新大陸の先住民は紀元前1000年頃には、玉蜀黍、インゲン豆、南瓜を同時に栽培していた。玉蜀黍に含まれる蛋白質のアミノ酸価は13と低く体内での利用効率が低い。蛋白質を補うために、インゲン豆(全体の20%の蛋白質)や南瓜(ピタミンAや脂肪分)が副食となる。

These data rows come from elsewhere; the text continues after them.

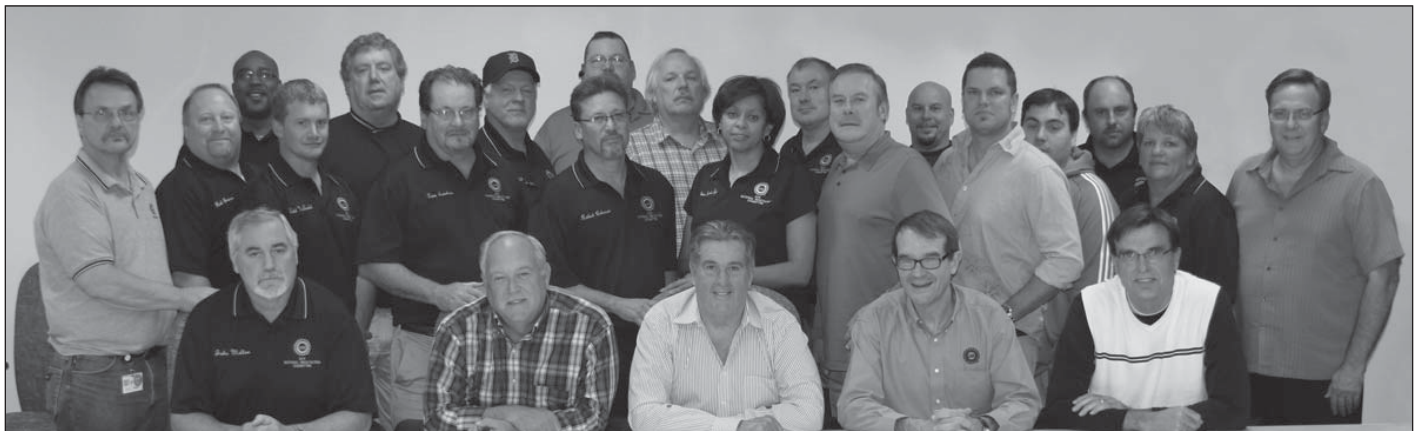
Your UAW GM National Negotiating Committee that negotiated the new 4-year proposed agreement.

At the start of these negotiations, the corporation sought to end or limit our input in a number of areas, including Quality Network Planned Maintenance and our input into the Maximo system. Your negotiators rejected this attempt to reduce our input and instead won language that commits the company to a joint study on increasing QNPM's value to the plants. Topics in this study will include but will not be limited to Capacity Assurance Coordinators, Predictive Maintenance Technologies, Maximo and continuous improvement of QNPM to support world-class manufacturing.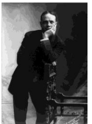
Billy Sunday; I don't know if he was the one who said this.

“Well it's this way. The Lord done voted for my salvation. The devil done voted for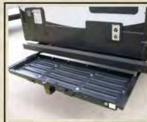
All New Bumper Storage Rack (Standard)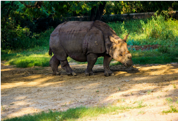
Kaziranga National Park, Assam

Northeast India, comprising eight states, is a stunning combination of majestic mountains, lush green valleys, scenic landscapes, rich biodiversity, and historical sites. Rich in flora and fauna, as well as diverse culture and traditions, each state – Arunachal Pradesh, Assam, Manipur, Meghalaya, Mizoram, Nagaland, Sikkim, and Tripura – offers a unique experience to travelers ranging from heritage and cultural tourism to wildlife and adventure tourism. The region is also home to some world-renowned tourist attractions. Manipur, for instance, has the world's only floating national park, while Meghalaya is known for its legendary caves, some of which are among the longest in the world and Assam is home to several tea estates and the Kaziranga National Park, a UNESCO World Heritage Site.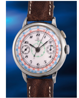
860 Omega A highly rare and attractive sing... Estimate HK$120,000 — 240,000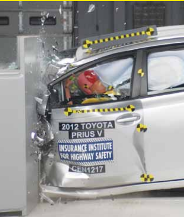
Toyota Prius v

The key to crash protection is a strong safety cage that preserves occupant survival space. Then restraint systems can cushion and protect people.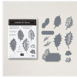
Leaves Of Holly Bundle (English) - 159608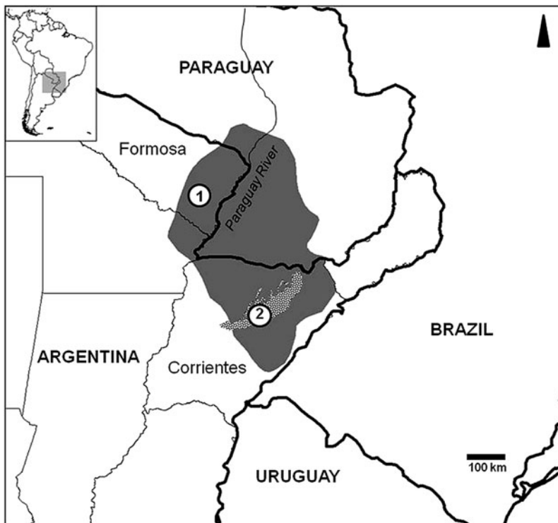
Figure 1. Map showing the present distribution of the Strange-tailed Tyrant (grey area) from Di Giacomo et al. (2011a). Numbers indicate the location of the two populations included in this study: 1) 'Reserva Ecológica El Bagual', Formosa Province, and 2) 'Reserva Natural del Iberá', Corrientes Province.

The aim of this study was to analyse the genetic variability and the genetic structure of the main population and one isolated Argentinean population of the Strange-tailed Tyrant, using both mtDNA and microsatellite molecular markers. These markers differ in mutation rates and mode of inheritance and provide essential information about population history and demographics (Wayne and Morin 2004). Current conservation and management efforts are focused on preserving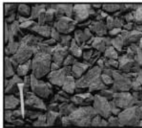
Starlite Black Granite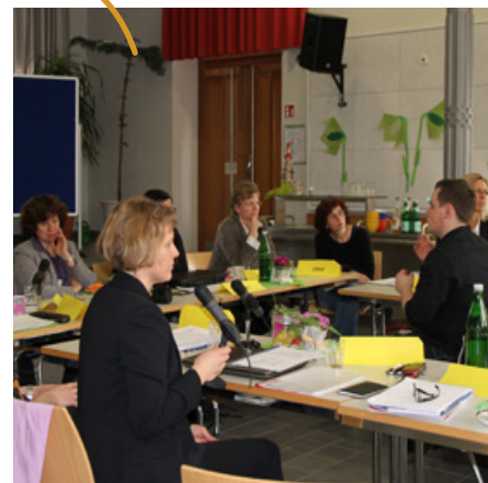
text and pictures Nicole Schilling

The theme of the project "The Beauty of Difference" is to create an opportunity for self-expression and exploration of a new culture, as well as to stimulate the development, social inclusion and active participation of young people with hearing disabilities in society. The project is an international exchange involving 32 young people, 8 from Bulgaria, Lithuania, Poland and Romania with hearing impairment. The exchange is ten days long and will take place at the end of September 2018 in Tsarevo Municipality, the southern Black Sea coast. Among the main topics that young people from the four countries will discuss are European and local policies for people with disabilities, good practices, the role and importance of education and empowerment, advocacy and its role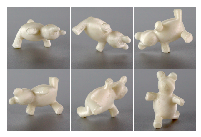
Figure 6: Using only two capsules we can optimize the Breakdancing Teddy to stand steadily in six surprising orientations.

Romain Prévost and Moritz Bächer and Wojciech Jarosz and Olga Sorkine-Hornung / Balancing 3D Models with Movable Masses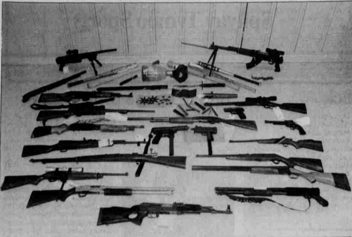
Weapons confiscated by the Warm Springs Police within the last six months.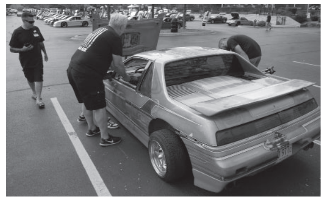
Special appearence of the soon to be restored 1990 Low Rider Magazine Fiero. Check out the Fierocast episode to hear about this unique car.

nity is that everyone has their own taste, and there isn't a great divide between keeping these cars original or modifying them. We all have respect for people's builds whether they want to modify them or restore them. We build what we want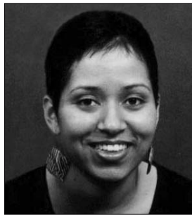
India Birdsong Service Planner Chicago Transit Authority Chicago, IL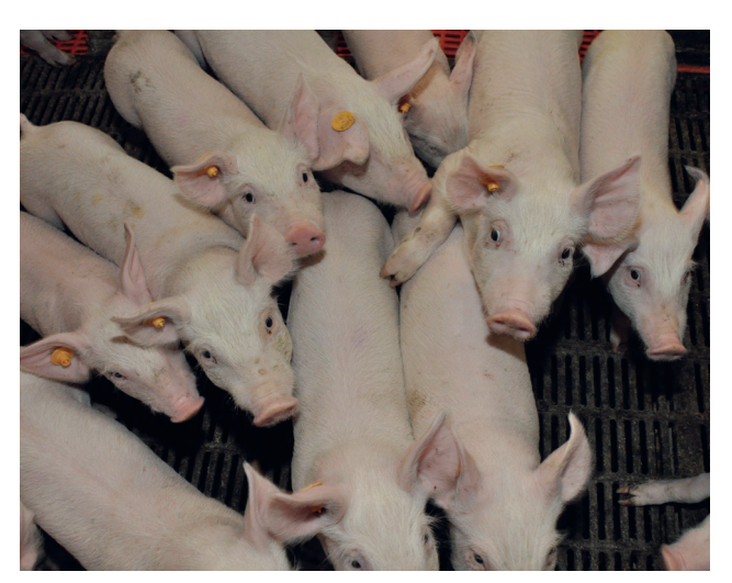
...after having seen a grower section.

clean: manure must be removed and disinfectant powder put down.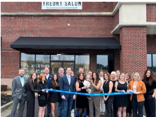
IN WDSK held a ribbon cutting to celebrate the grand opening of Theory Salon's new location in Woodstock on February 2nd.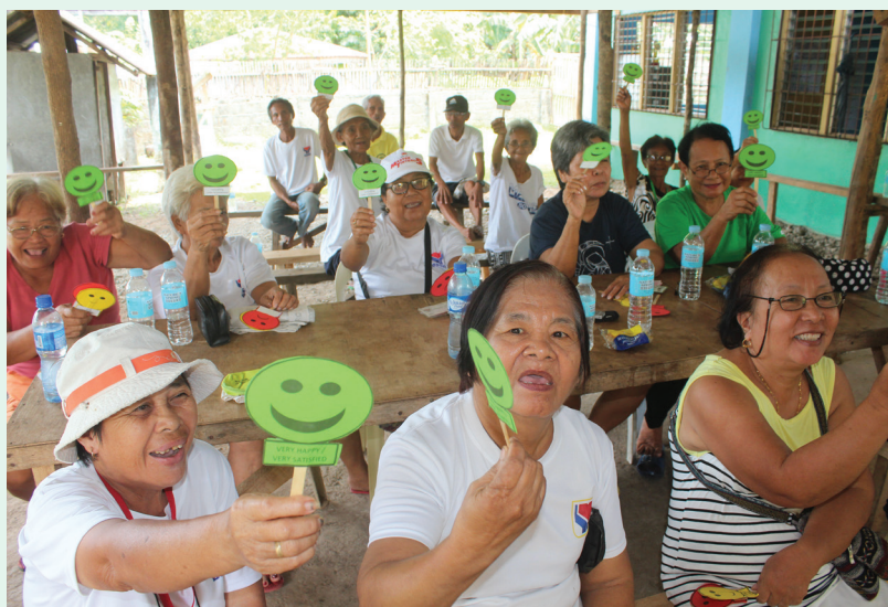
Social Pension beneficiaries of Barangay Crossing, Kitcharao, Agusan del Norte, participate in the focus group discussion conducted by ICI-Asia, a firm commissioned by the World Bank to conduct study on DSWD's Social Pension for Indigent Senior Citizen Program, last June 25, 2019.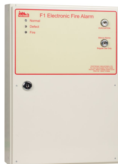
The Pertronic F1-3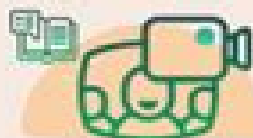
Online Instructions and Orientations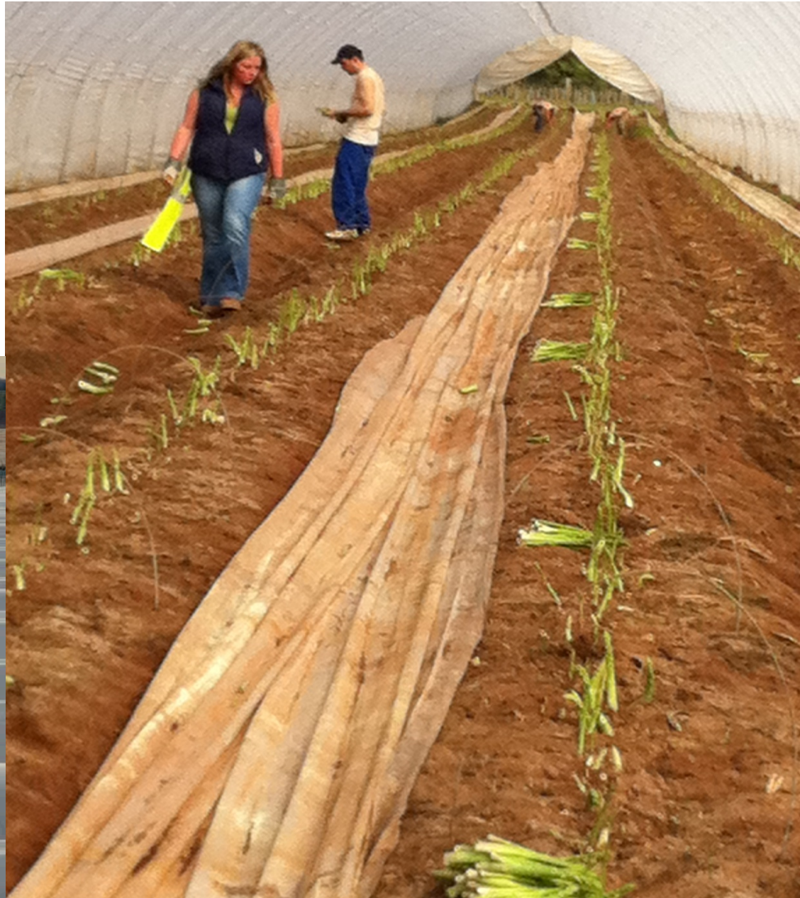
Harvesting reverse season green asparagus in a polytunnel in September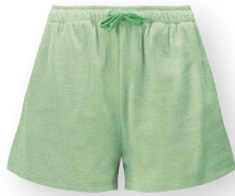
BISOU Short Trousers Petite Sumo Stripe Green 80% Cotton | 20% Polyester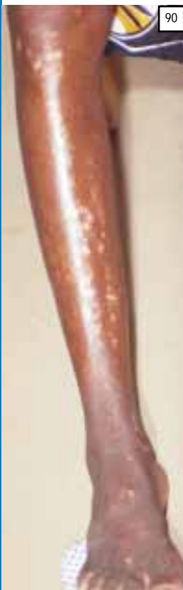
Fig. 91. Onchonodules.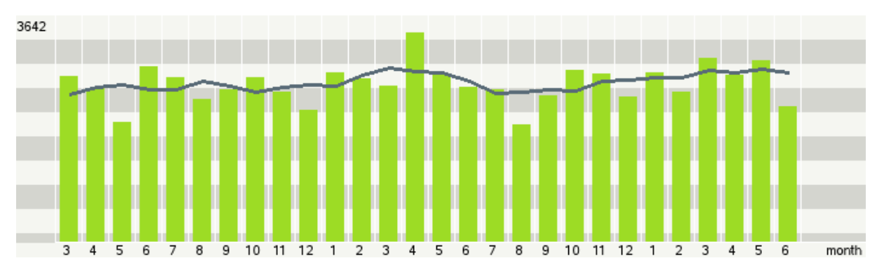
Monthly number of visits since March, 2007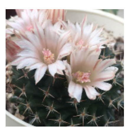
Mammillaria perbella sown 2017, flowering 2020.

Grow your seedlings much as you would any other cactus or succulent. You may have to watch watering more closely to avoid soaking seedlings with a limited root system or provide them some shelter from full sun. Fertilize regularly. I use a combination of slow release fertilizer early and mid season and liquid fertilizer all summer. By the end of the year, your seedlings should be shoulder to shoulder and begging to be transplanted. Don't listen to them, leave then in the pot through the winter season. Your plants are now one year old.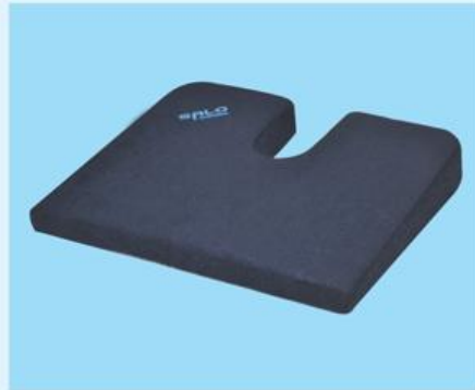
406 COCCYX CUSHION REGULAR Upto 85 Kgs 406 A COCCYX CUSHION XL Above 85 to 125 Kgs (For TAIL BONE PAIN)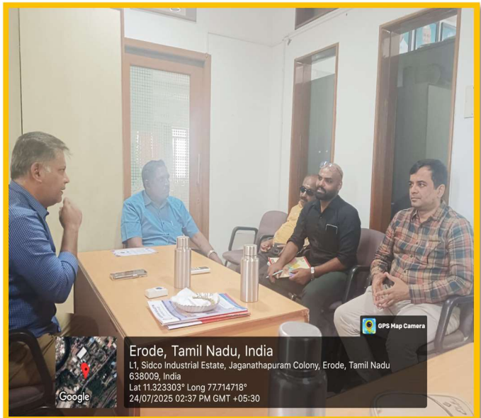
Erode, Tamil Nadu, India L1, Sidco Industrial Estate, Jaganathapuram Colony, Erode, Tamil Nadu 638009, India Lat 11.323303° Long 77.714718° 24/07/2025 02:37 PM GMT +05:30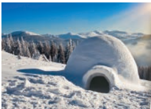
Igloo in Canada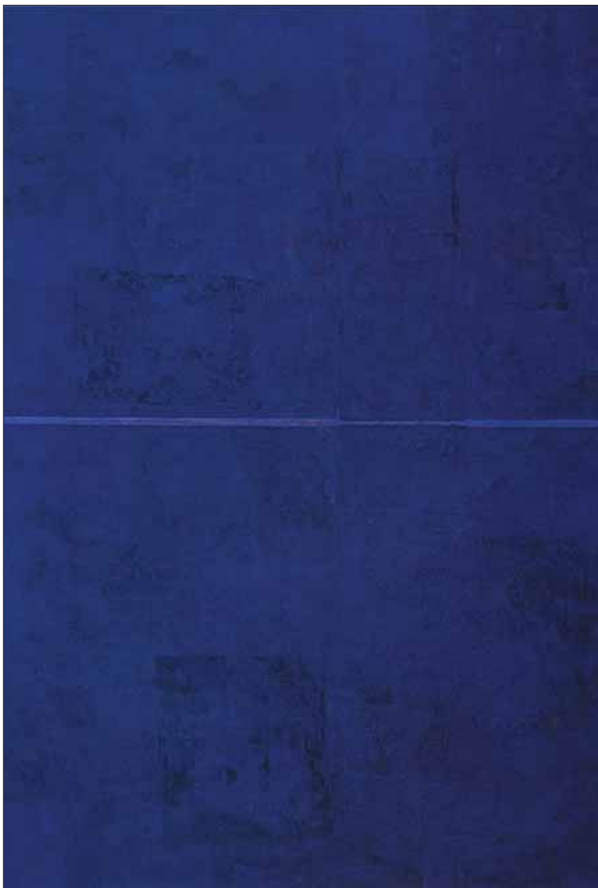
Figure 8. Il Nam Park, Gap , 2001, acrylic and oil on canvas, 194 cm × 30 cm. Reproduced by permission from the Gwangju Biennale Foundation.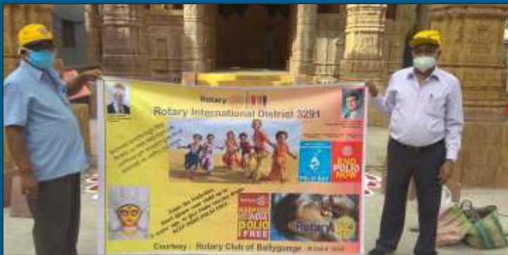
Rotary Club of Ballygunge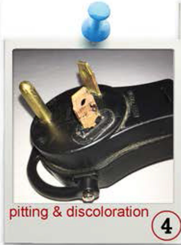
pitting & discoloration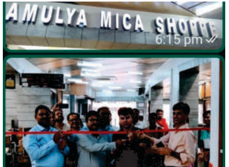
Name: - City Ply & Glass House Location: - Muzzaffarpur, Bihar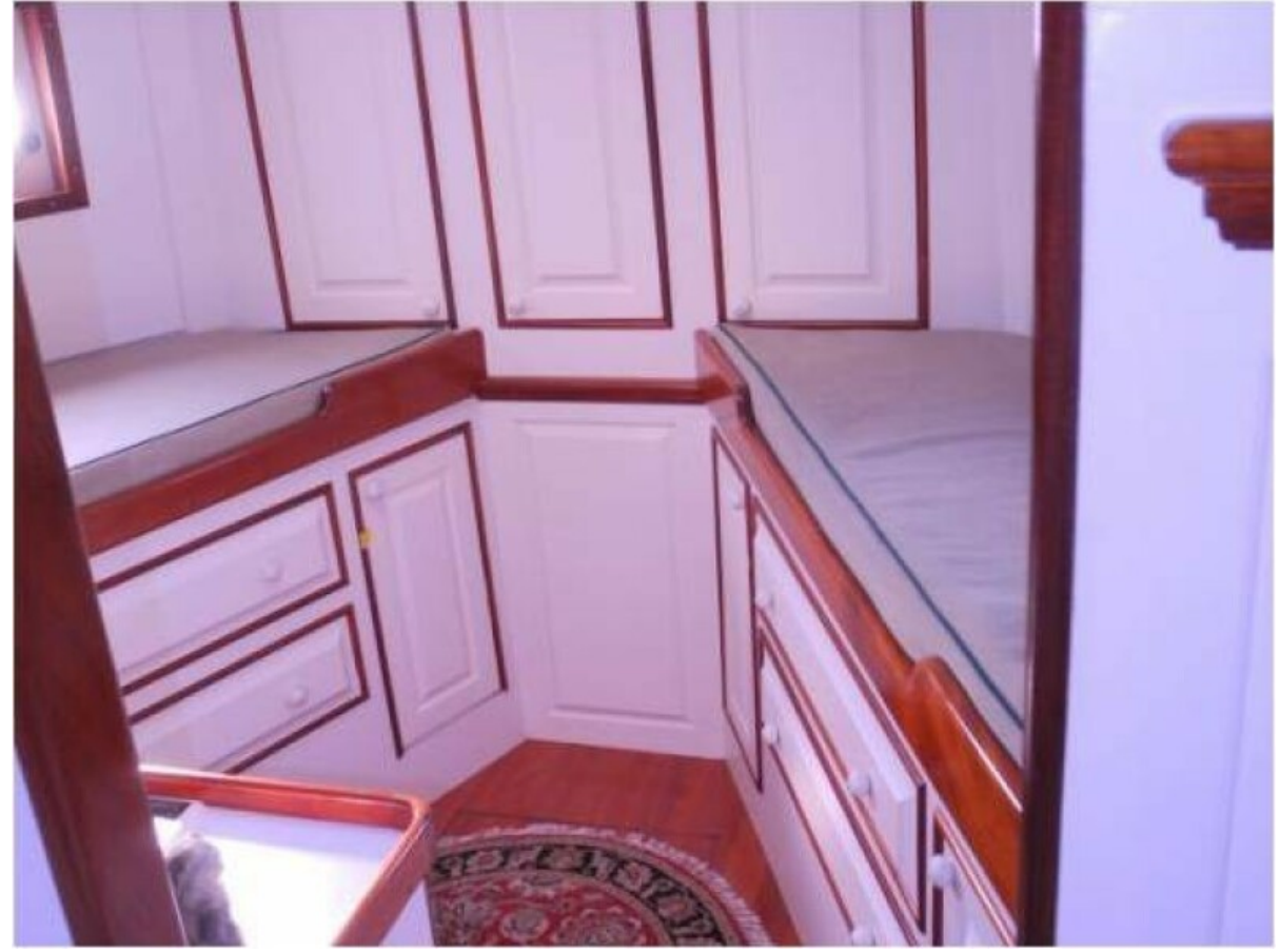
Used Power Monohull for sale 1997 CUSTOM Florida Bay Coaster - WATERLILLY

欧州での玉蜀黍栽培は、メキシコ中央高原の栽培種が持ち帰られて栽培される1520年頃で、16世紀末にはトルコまで伝わった。しかし、食文化までは伝わらず、ルーマニアや北イタリアでしか日常食として定着していない(玉蜀黍の粉を練り粉状にして食べる習慣)。対して、16世紀中頃に伝わったアフリカでは主穀物となる。気温や日照時間が中南米と似ていたためかもしれない。

玉蜀黍には必須アミノ酸の一つであるリジンの含有量が低く、蛋白質を補う副食が必要である。さらに旨味が強いために、返って主食にすると飽きる。

現在では玉蜀黍の生産量の40%は米国であり、その45%程度が飼料として使用される。1935年に開発されたビタミンDの合成技術は紫外線を浴びずともビタミンを補給する事を可能にし、抗生物質の登場と合わせて家畜飼育方法を変えた。

牧草中心だった時代には体重500kg程度に牛を育てるのに三年以上が必要だったが、現在は生後一年以内に出荷可能であり、豚もかつては一年以上の飼育期間が必要だったが半年で100kg以上になる。

玉蜀黍はアミノ酸組成面で問題があるが、100g当たり350㎉のエネルギー量があり、大豆粕やコーリャン等の穀物と合わせる事で配合飼料にしている。

青い内に刈り取った玉蜀黍を、葉や茎と一緒に細かく裁断して乳酸発酵した飼料は繊維質を含むために、バランスの良い資料であるらしい。

終章 コロンブスの光と影と
新大陸に欧州人が入植した事の影響について。伝染病流行による先住民人口激減や梅毒の流行等。